Home - Estonia Country Commercial Guide
Doing Business in Estonia:
A Country Commercial Guide for U.S. Companies
Chapter 1:
Doing Business In Estonia
Market Overview
Market Challenges
Market Opportunities
Market Entry Strategy
Market Overview
Since regaining independence in 1991, Estonia has transformed itself into a highly motivated and dynamic center of commerce. The business environment has blossomed, thanks mainly to the stability of the political situation and the sound economic policies of the government. Estonia achieved its overriding foreign policy goals of the past decade when it acceded to NATO in March 2004 and the European Union in May 2004.
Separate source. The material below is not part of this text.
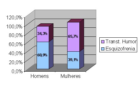 O gráfico 3, abaixo, revela que mais mulheres (65,7%) que homens (34,3%) foram internados por transtornos de humor, bem como mais homens (60,9%) que mulheres (39,1%) foram internados por transtornos do tipo esquizofrênico, para o Brasil, no período avaliado.

After enjoying double digit growth in recent years, 2007 GDP growth slowed to 7.3% and is expected to be around 4.3% in 2008 (Bank of Estonia estimate from October 2007). Prices are decreasing in the real estate sector, and there are signs of a slowdown in private consumption growth. Rising prices of non-domestic goods, especially food, both from the EU and imported from third countries, have pushed inflation to 6.3%. If the economy develops according to forecasts underlying the state budget, the government's 2008 budget should remain in a surplus of at least 2% of GDP.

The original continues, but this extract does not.